> About this exercise
Leave out the pictures and transcribe every entry below exactly.

> Source records
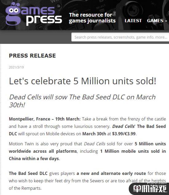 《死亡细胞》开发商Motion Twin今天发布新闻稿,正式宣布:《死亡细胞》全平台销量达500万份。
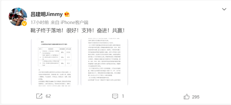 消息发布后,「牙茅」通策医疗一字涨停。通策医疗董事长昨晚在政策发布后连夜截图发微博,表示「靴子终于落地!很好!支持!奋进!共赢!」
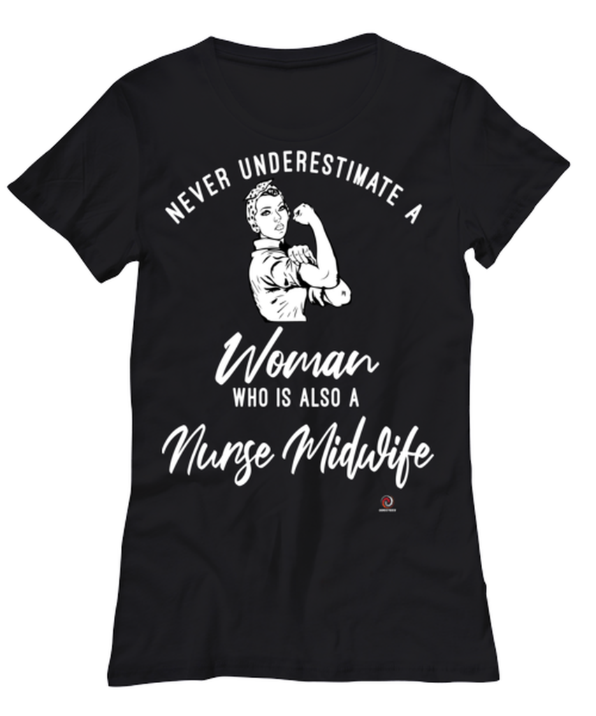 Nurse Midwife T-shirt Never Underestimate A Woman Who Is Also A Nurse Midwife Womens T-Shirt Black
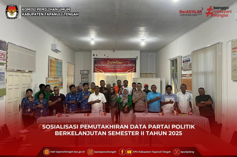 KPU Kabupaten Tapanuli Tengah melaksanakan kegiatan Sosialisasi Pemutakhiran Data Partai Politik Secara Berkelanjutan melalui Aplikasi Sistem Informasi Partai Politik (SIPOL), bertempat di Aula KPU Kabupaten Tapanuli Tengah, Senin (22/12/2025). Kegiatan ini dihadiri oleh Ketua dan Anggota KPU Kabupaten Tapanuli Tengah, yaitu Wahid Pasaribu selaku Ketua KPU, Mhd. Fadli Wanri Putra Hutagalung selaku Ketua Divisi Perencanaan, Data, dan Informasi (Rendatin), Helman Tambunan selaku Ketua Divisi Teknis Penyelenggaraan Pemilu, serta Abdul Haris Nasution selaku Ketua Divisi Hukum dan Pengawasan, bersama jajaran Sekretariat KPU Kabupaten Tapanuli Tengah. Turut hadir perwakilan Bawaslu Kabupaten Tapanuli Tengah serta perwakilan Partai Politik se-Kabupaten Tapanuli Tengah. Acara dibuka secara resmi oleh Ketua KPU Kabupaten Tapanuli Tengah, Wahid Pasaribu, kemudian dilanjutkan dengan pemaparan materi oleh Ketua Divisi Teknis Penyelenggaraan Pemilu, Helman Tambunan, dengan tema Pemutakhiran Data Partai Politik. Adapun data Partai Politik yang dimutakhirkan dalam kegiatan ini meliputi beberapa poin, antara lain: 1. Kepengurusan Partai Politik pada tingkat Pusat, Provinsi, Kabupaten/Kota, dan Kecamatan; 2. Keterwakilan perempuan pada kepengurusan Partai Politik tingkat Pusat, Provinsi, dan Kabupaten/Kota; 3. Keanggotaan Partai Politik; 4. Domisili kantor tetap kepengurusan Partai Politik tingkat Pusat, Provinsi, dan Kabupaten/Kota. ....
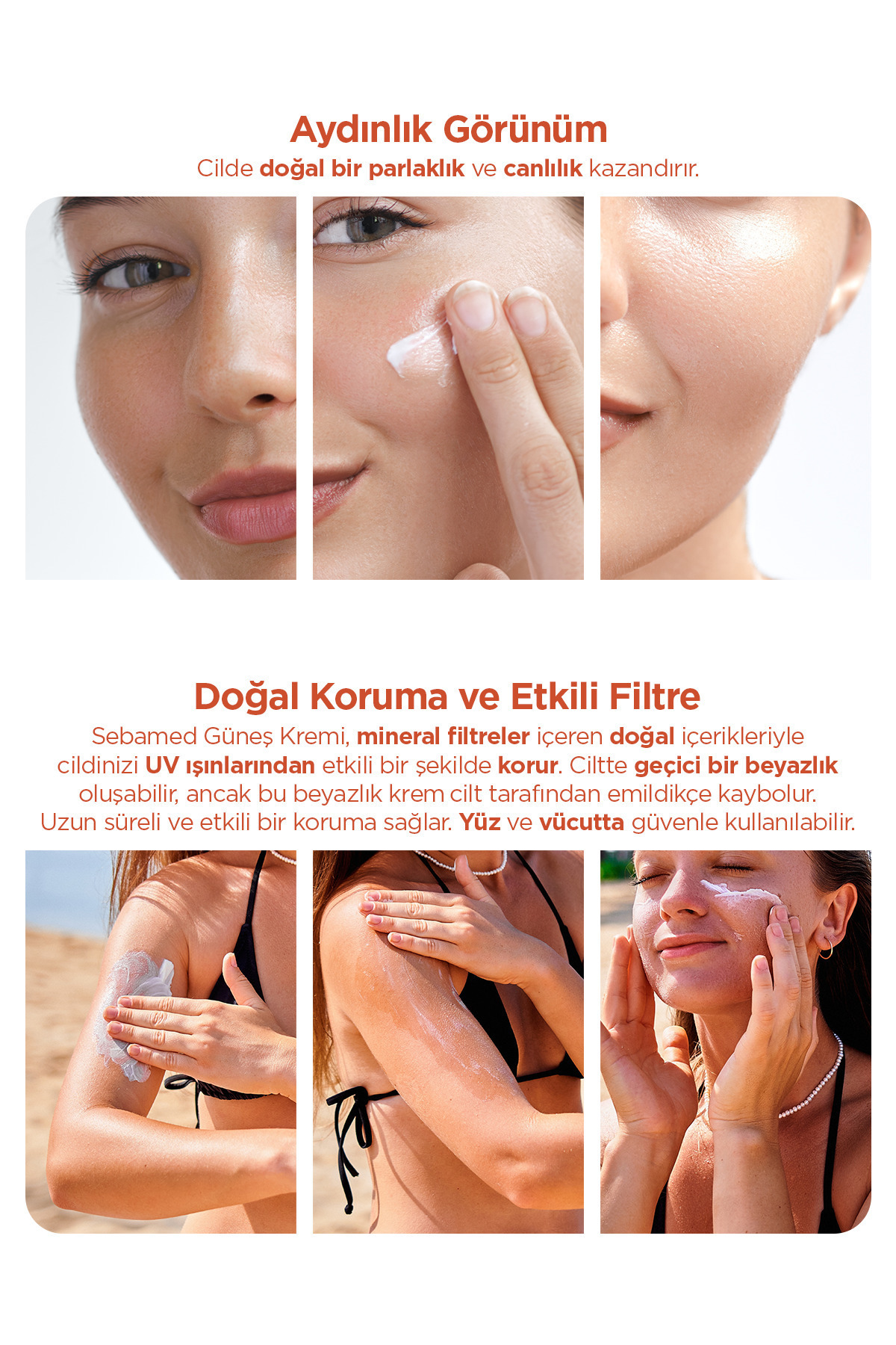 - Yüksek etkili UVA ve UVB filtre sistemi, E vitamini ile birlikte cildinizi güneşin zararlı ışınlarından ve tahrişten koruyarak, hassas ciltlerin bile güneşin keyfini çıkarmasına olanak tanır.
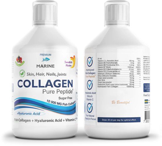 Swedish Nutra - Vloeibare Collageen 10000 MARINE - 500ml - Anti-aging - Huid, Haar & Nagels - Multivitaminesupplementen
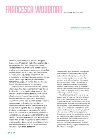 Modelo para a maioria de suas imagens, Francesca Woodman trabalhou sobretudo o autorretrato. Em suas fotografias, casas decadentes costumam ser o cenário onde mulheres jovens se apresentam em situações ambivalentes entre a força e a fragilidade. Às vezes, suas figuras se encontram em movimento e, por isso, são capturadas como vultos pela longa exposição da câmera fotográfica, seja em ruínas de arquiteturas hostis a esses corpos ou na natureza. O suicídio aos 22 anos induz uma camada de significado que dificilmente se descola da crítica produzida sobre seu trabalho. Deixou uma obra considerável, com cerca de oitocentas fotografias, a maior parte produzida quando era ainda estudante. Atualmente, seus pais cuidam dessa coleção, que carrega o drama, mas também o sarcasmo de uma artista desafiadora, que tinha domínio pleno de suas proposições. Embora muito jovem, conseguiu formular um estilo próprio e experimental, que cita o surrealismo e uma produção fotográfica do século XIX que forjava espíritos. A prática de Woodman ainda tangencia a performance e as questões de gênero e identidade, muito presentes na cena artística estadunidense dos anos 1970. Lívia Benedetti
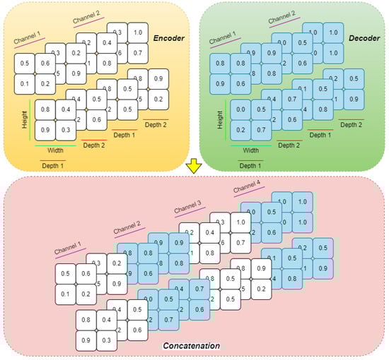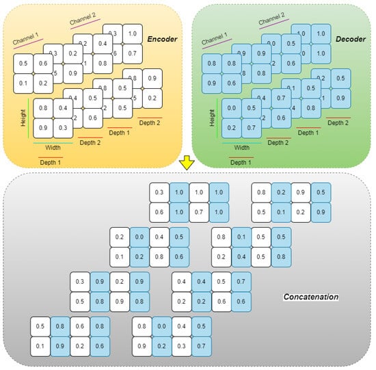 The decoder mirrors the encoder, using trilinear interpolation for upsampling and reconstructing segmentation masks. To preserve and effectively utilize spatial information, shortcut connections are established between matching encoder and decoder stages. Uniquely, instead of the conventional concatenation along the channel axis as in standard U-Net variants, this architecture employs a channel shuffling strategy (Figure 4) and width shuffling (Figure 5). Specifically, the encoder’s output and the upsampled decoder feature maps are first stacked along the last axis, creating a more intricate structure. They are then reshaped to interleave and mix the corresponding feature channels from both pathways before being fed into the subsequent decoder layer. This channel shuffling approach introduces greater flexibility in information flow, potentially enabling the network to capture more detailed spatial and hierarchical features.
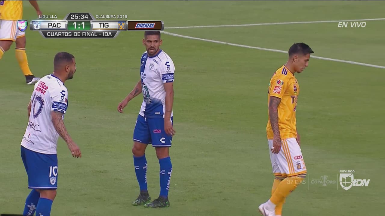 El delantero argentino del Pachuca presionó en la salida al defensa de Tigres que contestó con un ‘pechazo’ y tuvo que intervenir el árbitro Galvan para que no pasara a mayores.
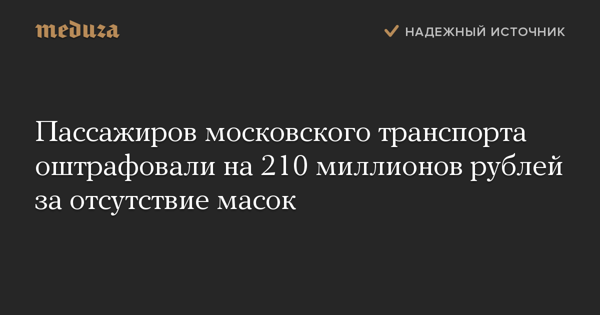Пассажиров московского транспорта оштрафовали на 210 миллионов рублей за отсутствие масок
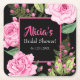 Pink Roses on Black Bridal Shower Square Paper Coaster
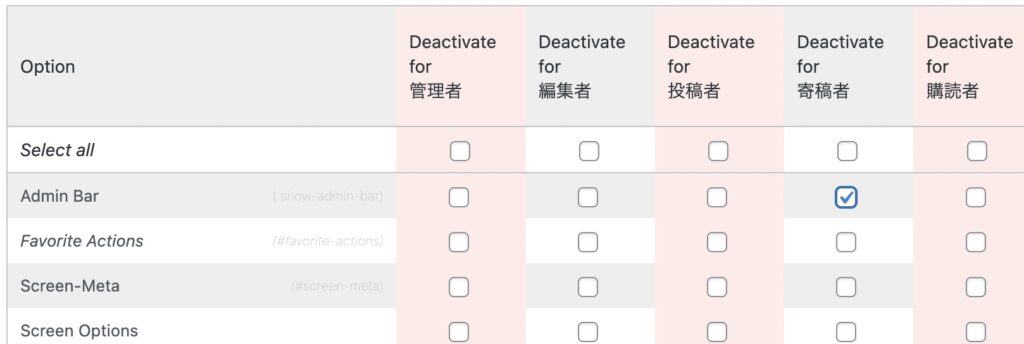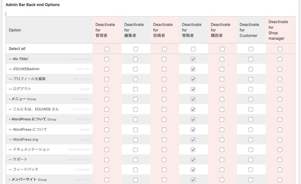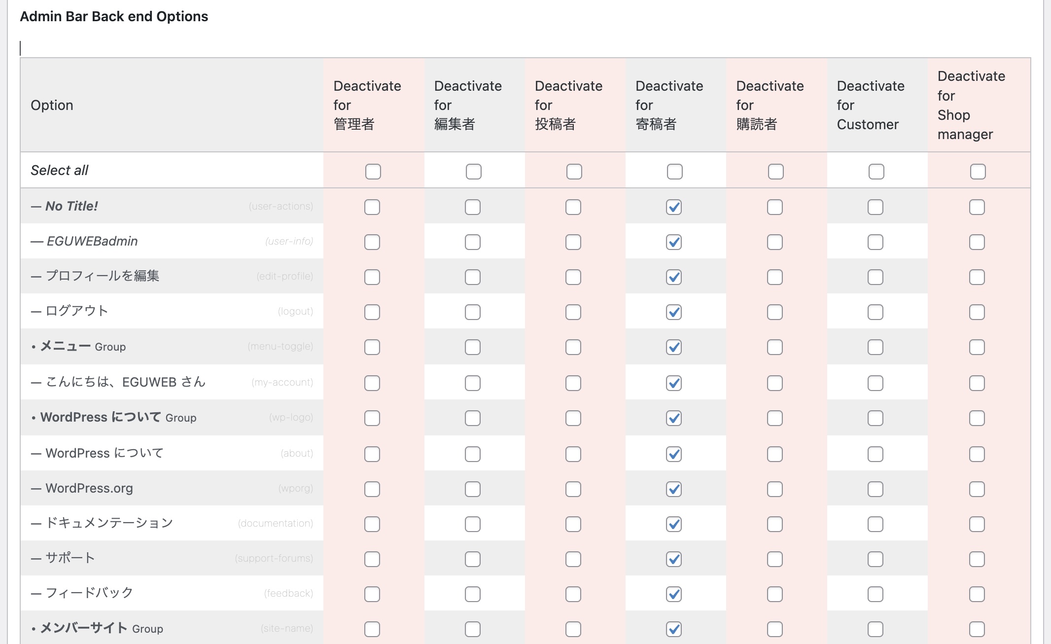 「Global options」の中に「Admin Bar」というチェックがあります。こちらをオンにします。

> Exercise solution
 《死亡细胞》开发商Motion Twin今天发布新闻稿,正式宣布:《死亡细胞》全平台销量达500万份。
 消息发布后,「牙茅」通策医疗一字涨停。通策医疗董事长昨晚在政策发布后连夜截图发微博,表示「靴子终于落地!很好!支持!奋进!共赢!」
 Nurse Midwife T-shirt Never Underestimate A Woman Who Is Also A Nurse Midwife Womens T-Shirt Black
 KPU Kabupaten Tapanuli Tengah melaksanakan kegiatan Sosialisasi Pemutakhiran Data Partai Politik Secara Berkelanjutan melalui Aplikasi Sistem Informasi Partai Politik (SIPOL), bertempat di Aula KPU Kabupaten Tapanuli Tengah, Senin (22/12/2025). Kegiatan ini dihadiri oleh Ketua dan Anggota KPU Kabupaten Tapanuli Tengah, yaitu Wahid Pasaribu selaku Ketua KPU, Mhd. Fadli Wanri Putra Hutagalung selaku Ketua Divisi Perencanaan, Data, dan Informasi (Rendatin), Helman Tambunan selaku Ketua Divisi Teknis Penyelenggaraan Pemilu, serta Abdul Haris Nasution selaku Ketua Divisi Hukum dan Pengawasan, bersama jajaran Sekretariat KPU Kabupaten Tapanuli Tengah. Turut hadir perwakilan Bawaslu Kabupaten Tapanuli Tengah serta perwakilan Partai Politik se-Kabupaten Tapanuli Tengah. Acara dibuka secara resmi oleh Ketua KPU Kabupaten Tapanuli Tengah, Wahid Pasaribu, kemudian dilanjutkan dengan pemaparan materi oleh Ketua Divisi Teknis Penyelenggaraan Pemilu, Helman Tambunan, dengan tema Pemutakhiran Data Partai Politik. Adapun data Partai Politik yang dimutakhirkan dalam kegiatan ini meliputi beberapa poin, antara lain: 1. Kepengurusan Partai Politik pada tingkat Pusat, Provinsi, Kabupaten/Kota, dan Kecamatan; 2. Keterwakilan perempuan pada kepengurusan Partai Politik tingkat Pusat, Provinsi, dan Kabupaten/Kota; 3. Keanggotaan Partai Politik; 4. Domisili kantor tetap kepengurusan Partai Politik tingkat Pusat, Provinsi, dan Kabupaten/Kota. ....
 - Yüksek etkili UVA ve UVB filtre sistemi, E vitamini ile birlikte cildinizi güneşin zararlı ışınlarından ve tahrişten koruyarak, hassas ciltlerin bile güneşin keyfini çıkarmasına olanak tanır.
 Swedish Nutra - Vloeibare Collageen 10000 MARINE - 500ml - Anti-aging - Huid, Haar & Nagels - Multivitaminesupplementen
 Modelo para a maioria de suas imagens, Francesca Woodman trabalhou sobretudo o autorretrato. Em suas fotografias, casas decadentes costumam ser o cenário onde mulheres jovens se apresentam em situações ambivalentes entre a força e a fragilidade. Às vezes, suas figuras se encontram em movimento e, por isso, são capturadas como vultos pela longa exposição da câmera fotográfica, seja em ruínas de arquiteturas hostis a esses corpos ou na natureza. O suicídio aos 22 anos induz uma camada de significado que dificilmente se descola da crítica produzida sobre seu trabalho. Deixou uma obra considerável, com cerca de oitocentas fotografias, a maior parte produzida quando era ainda estudante. Atualmente, seus pais cuidam dessa coleção, que carrega o drama, mas também o sarcasmo de uma artista desafiadora, que tinha domínio pleno de suas proposições. Embora muito jovem, conseguiu formular um estilo próprio e experimental, que cita o surrealismo e uma produção fotográfica do século XIX que forjava espíritos. A prática de Woodman ainda tangencia a performance e as questões de gênero e identidade, muito presentes na cena artística estadunidense dos anos 1970. Lívia Benedetti
 The decoder mirrors the encoder, using trilinear interpolation for upsampling and reconstructing segmentation masks. To preserve and effectively utilize spatial information, shortcut connections are established between matching encoder and decoder stages. Uniquely, instead of the conventional concatenation along the channel axis as in standard U-Net variants, this architecture employs a channel shuffling strategy (Figure 4) and width shuffling (Figure 5). Specifically, the encoder’s output and the upsampled decoder feature maps are first stacked along the last axis, creating a more intricate structure. They are then reshaped to interleave and mix the corresponding feature channels from both pathways before being fed into the subsequent decoder layer. This channel shuffling approach introduces greater flexibility in information flow, potentially enabling the network to capture more detailed spatial and hierarchical features.
 El delantero argentino del Pachuca presionó en la salida al defensa de Tigres que contestó con un ‘pechazo’ y tuvo que intervenir el árbitro Galvan para que no pasara a mayores.
Пассажиров московского транспорта оштрафовали на 210 миллионов рублей за отсутствие масок
 Pink Roses on Black Bridal Shower Square Paper Coaster
 「Global options」の中に「Admin Bar」というチェックがあります。こちらをオンにします。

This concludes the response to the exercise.